The prayerfulness of the group contrasts starkly with the 8-metre high concrete blocks erected to separate the West Bank from Israel, Palestinians from Israelis. Military watchtowers are placed along the barrier and Israeli soldiers may or may not be watching from above. The group proceeds slowly through each decade, members of the group taking it in turn to lead a decade. Some of these people have been coming along for years to join in a quiet but persistent prayer for peace.

Watchtower along the Separation Barrier

The rosary ends at the wall containing the icon of the Virgin Mary and the group starts singing the ‘Salve Regina’, otherwise known as ‘Hail, Holy Queen’, a traditional Catholic hymn usually spoken at the end of the rosarySome of the words are particularly poignant: ‘Ad te suspiramus, gementes et flentes in hac lacrimarum valle’ – ‘To thee do we send up our sighs, mourning and weeping in this valley of tears’.

The icon on the Separation Barrier next to a sign warning that security cameras are in place

Brother Peter Bray, a supporter of the weekly prayer and Vice-Chancellor of Bethlehem University, describes how the Wall Prayer began. It started in 2005 when the wall was built in Bethlehem;

‘I have been part of the group that assembles there since I arrived at the end of 2008. I look on participating in that prayer as a way of standing in solidarity with the Palestinian people who are so oppressed and restricted by the wall. For many of us, when walking up and down praying the rosary we think of Joshua and his process of walking around the walls of Jericho. Those walls came tumbling down! Our prayer is that this monstrosity will also come tumbling down and the Palestinian people will be free, free at last!’

A Palestinian woman who has attended the Wall Prayer many times over the years says;

‘The situation is so sad and bad. We live with fear and doubt of what is going on. We don’t stop praying for peace. Mention everyone in your prayers.’

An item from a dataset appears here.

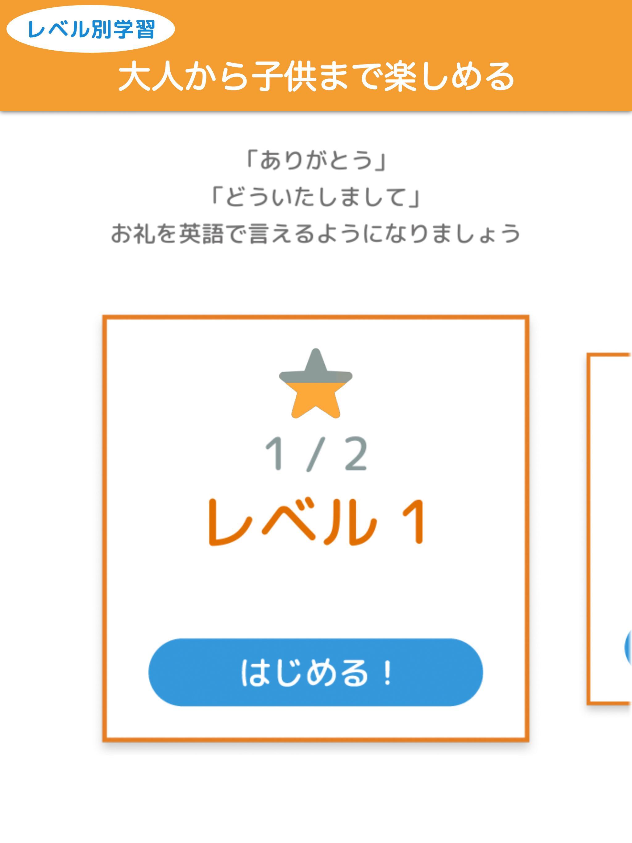 自由にレベルを選べるので、あなたの実力にあった難易度で学べます。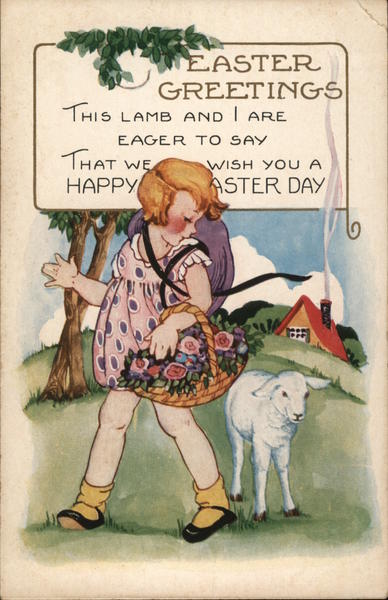 Front: EASTER GREETINGS THIS LAMB AND I ARE EAGER TO SAY WE THAT HAPPY WISH YOU A ASTER DAY Back: Whitney Made orcester Lass. MADE IN U. SA C

Israel started building the Separation Barrier in 2002 and whilst every state has a right to build a barrier along its borders, the Israeli separation barrier does not adhere to the internationally recognised border (known as the ‘Green’ Line) between Israel and Palestine. Instead, 85% of the barrier deviates up to 20km inside the into the occupied West Bank, trapping Palestinian land on the Israeli side and separating many Palestinians from their crops and livelihoods. The route of the barrier was deemed illegal by the International Court of Justice in 2004.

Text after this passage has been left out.